Simple workaround for “Design view is unavailable for x64 and ARM target platforms”
When you are developing for Windows Phone or Windows and you are faced with using a native component (for instance the Bing Maps control on Windows, or the SensorCore api on Windows Phone) you will loose your designers when you are testing, both in Visual Studio and in Blend, as they will only work for “AnyCPU” or “x86” configurations.This is highly annoying, but there is a kind-of fix.
The trick is to create an extra configuration. I usually make a copy of “Debug”, which I call “DebugArm” I do this by right clicking on the solution, selecting “properties”, and then hit “Configuration Manager”
Then I make a copy of Debug, by selecting “New” in the “Configuration” drop down, and I make a copy of Debug, called DebugArm.
In that solution I set everything to ARM:
So far so good, and nothing new. Now select the Debug project configuration again in Visual Studio, hit “Save all” and compile. Then open the solution in Blend. You will notice of course the designers now work, but now you cannot deploy. Changing that configuration every time again is slow and cumbersome, and it won’t be picked up by Blend. So you have to restart that time and time again. This now, my friends, we will use to our advantage.
Go back to Visual Studio, select “DebugArm”. You can now deploy and test again, but your designers will of course go dead again. But like I said Blend does not pick up that configuration change.

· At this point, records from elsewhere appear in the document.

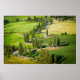 Poster de um enrolamento de ziguezague, uma árvore ciprestes a atravessar os campos verdes em Monticchiello, na Toscana, em Itália.
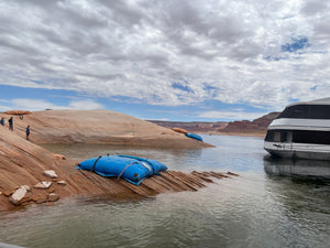 Beach Bags™ are specifically engineered for use on Lake Powell and have been wind load tested to provide houseboat moorings withstanding +60 mph broadside winds. They've successfully anchored all shapes and sizes of houseboats including frequent anchorings of Lake's largest +120 foot, 5-story tall vessel .
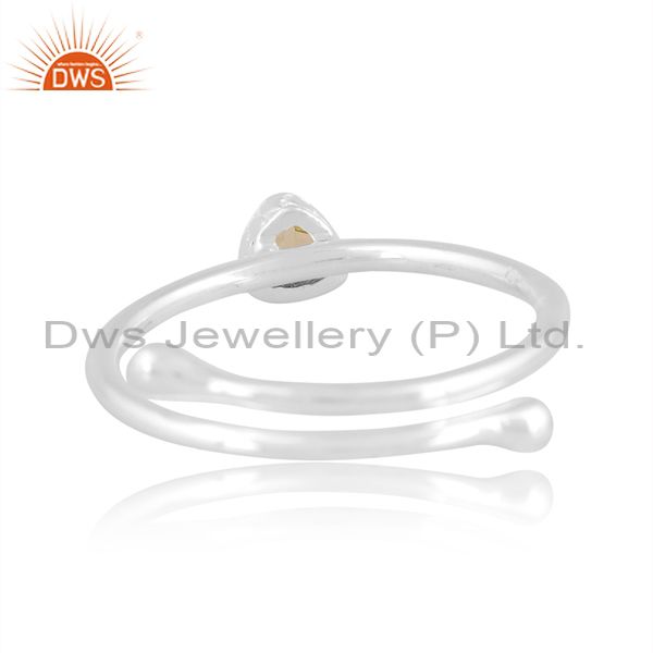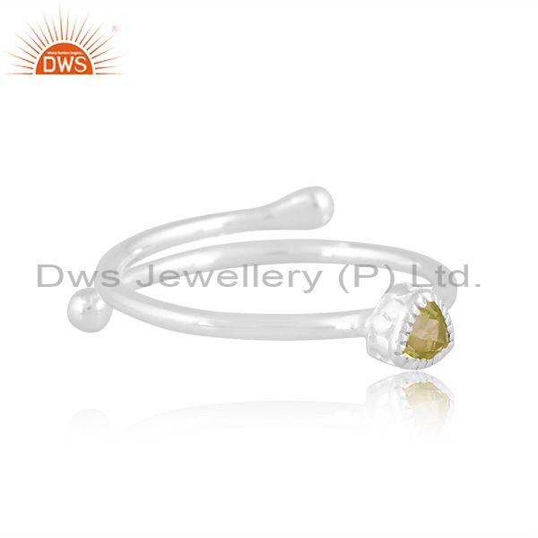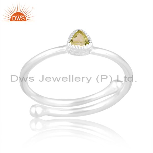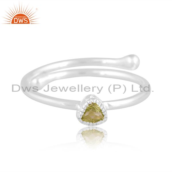Classy Peridot Cut Trillion On White Sterling Silver Ring

Apparently that is only read at startup. So that will keep the Debug configuration and the designer still will work! So now you can use Blend to do design changes, and Visual Studio to actually run and deploy, using two different configuration settings, without having to change al the time!

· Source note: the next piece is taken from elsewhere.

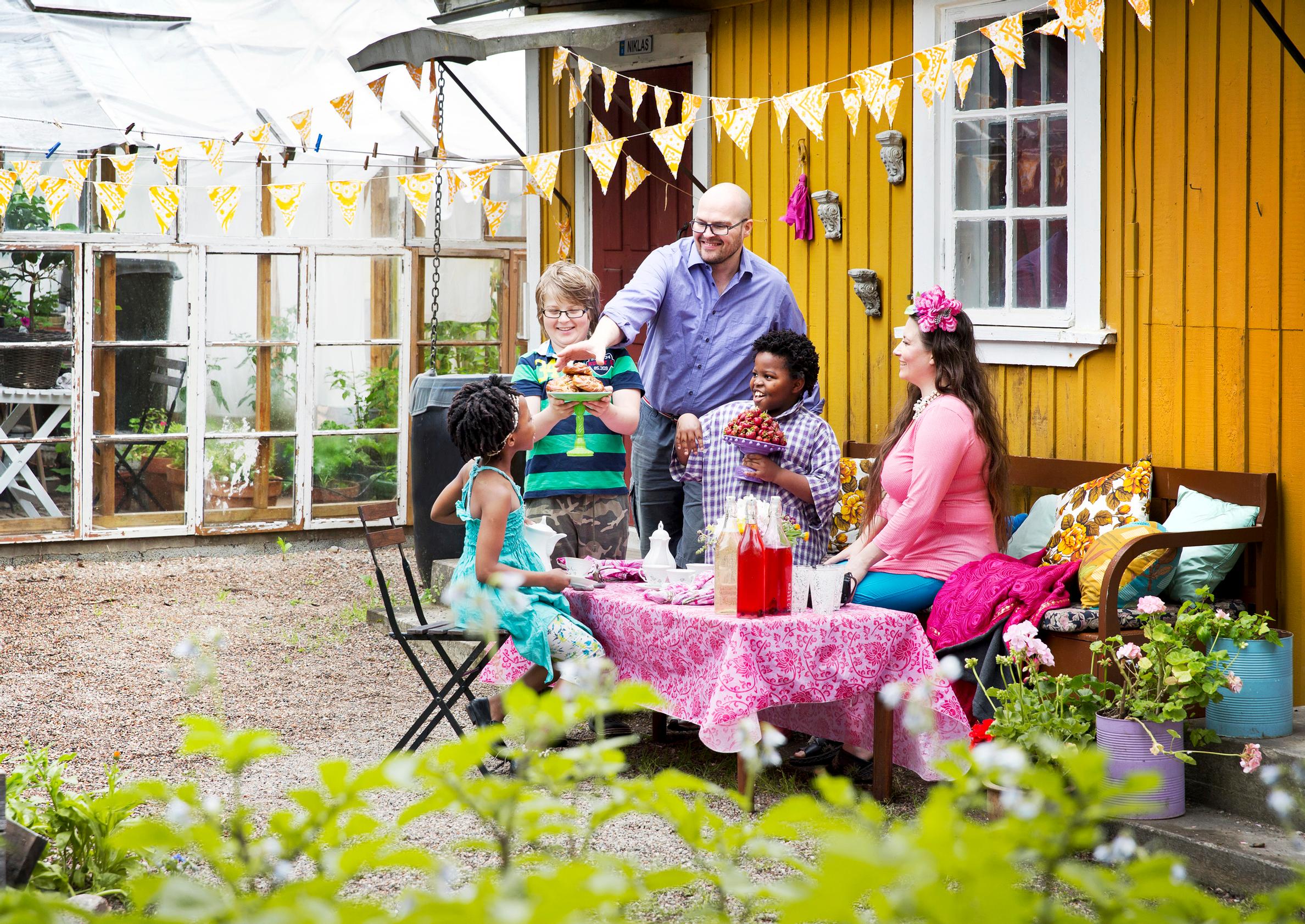 3 h + k! Ninetten perheen pihalla luetaan, pelataan, syödään ja rentoudutaan

This switchemarole you have to do every time you start Visual Studio and Blend. Granted, it’s not ideal, but a lot less of a hassle than constantly having to change configurations, which is is slow, while now you only have to select a different Icon in the Task Bar. And this is how it should be done most of the time IMHO – Blend is for the UI, Visual Studio for code.
No code this time, as this is a tools-trick only post.